As part of the work to restart the season, two major rule changes were made in July 2020 to apply for the rest of the season. Scrums were removed from the game and were replaced by a play-the-ball and an Australian innovation "six again" was adopted which replaces penalties for defensive infringements at rucks with a new set of six for the attacking team.

==Results==

===Extra time===
====Game 1 (Wakefield v Hull FC)====
The first game to go to golden-point was the round 6 game between Wakefield and Hull F.C. on 6 March 2020. Hull won the match 27–26, thanks to a Marc Sneyd drop goal, after the scores were tied at 26-all after 80 minutes.

====Game 2 (Huddersfield Giants v Leeds Rhinos)====
The second game to go to golden-point was the rearranged round 2 game between Huddersfield Giants and Leeds Rhinos on 2 August 2020. Leeds won the match 27–26, thanks to a Luke Gale drop goal, after the scores were tied at 26-all after 80 minutes.
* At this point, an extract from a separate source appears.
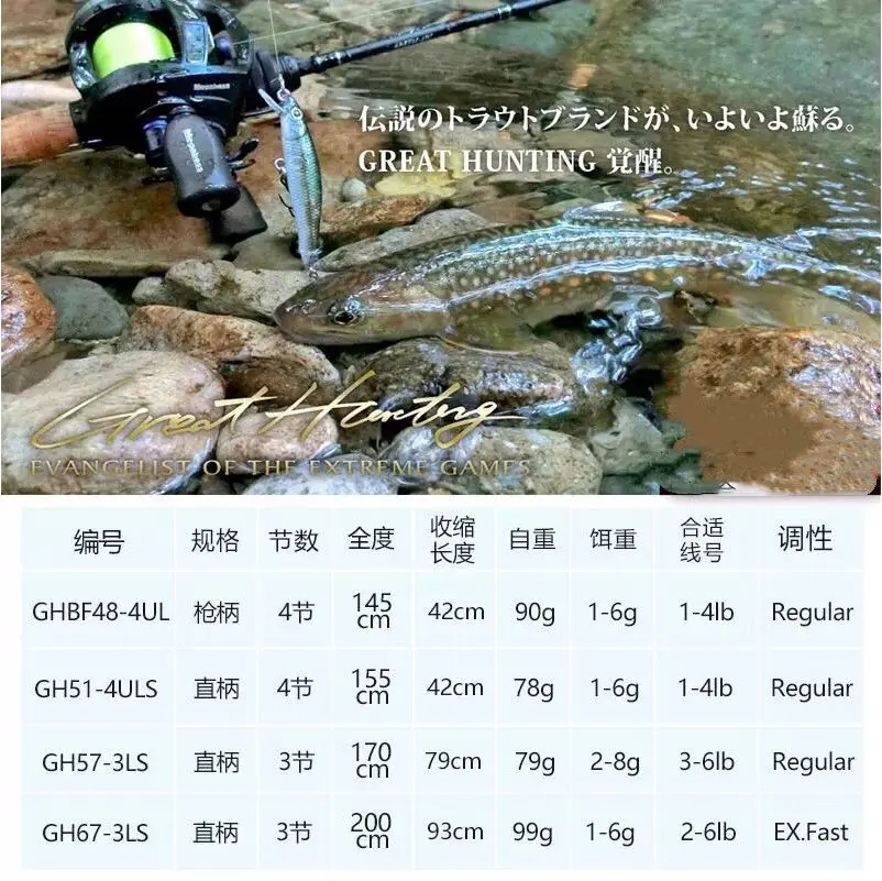 Caña de pescar japonesa Megabass Stream trucha GH 484 Ma Kou Gan Micro Object UL Lu Ya Gan, caña de pescar de rayas blancas

====Game 3 (St Helens v Hull KR)====
The Third game to go to golden-point was the round 12 game between St Helens and Hull KR on 11 September 2020. St Helens won the match 21–20, thanks to a Theo Fages drop goal, after the scores were tied at 20-20 after 80 minutes.

===Forfeiture===
Round 19 saw the first occasion of a game being forfeited. Salford were due to play Warrington on 30 October but on 28 October Salford announced that the club was unable to complete the fixture due to being unable to raise a team and that they would therefore to forfeit the game. Under the RFL operational rules the game was awarded to Warrington as a 24–0 win.

==Regular season table==

| Pos | Teamv; t; e; | Pld | W | D | L | PF | PA | PP | Pts | PCT | Qualification |
| 1 | Wigan Warriors (L) | 17 | 13 | 0 | 4 | 408 | 278 | 146.8 | 26 | 76.47 | Semi-finals |
| 2 | St Helens (C) | 17 | 12 | 0 | 5 | 469 | 195 | 240.5 | 24 | 70.59 |
| 3 | Warrington Wolves | 17 | 12 | 0 | 5 | 365 | 204 | 178.9 | 24 | 70.59 | Elimination semi-finals |
| 4 | Catalans Dragons | 13 | 8 | 0 | 5 | 376 | 259 | 145.2 | 16 | 61.54 |
| 5 | Leeds Rhinos | 17 | 10 | 0 | 7 | 369 | 390 | 94.6 | 20 | 58.82 |
| 6 | Hull F.C. | 17 | 9 | 0 | 8 | 405 | 436 | 92.9 | 18 | 52.94 |
| 7 | Huddersfield Giants | 18 | 7 | 0 | 11 | 318 | 367 | 86.6 | 14 | 38.89 |  |
| 8 | Castleford Tigers | 16 | 6 | 0 | 10 | 328 | 379 | 86.5 | 12 | 37.50 |
| 9 | Salford Red Devils | 18 | 8 | 0 | 10 | 354 | 469 | 75.5 | 10 | 27.78 |
| 10 | Wakefield Trinity | 19 | 5 | 0 | 14 | 324 | 503 | 64.4 | 10 | 26.32 |
| 11 | Hull Kingston Rovers | 17 | 3 | 0 | 14 | 290 | 526 | 55.1 | 6 | 17.65 |

==Play-offs==
The play-off format was varied twice during the year. Originally planned to use the same top-five team competition as had been used in 2019, the reactions to the COVID-19 situation meant firstly in September, a change to a top-four straight knock-out system and then in October a subsequent change to a top-six system.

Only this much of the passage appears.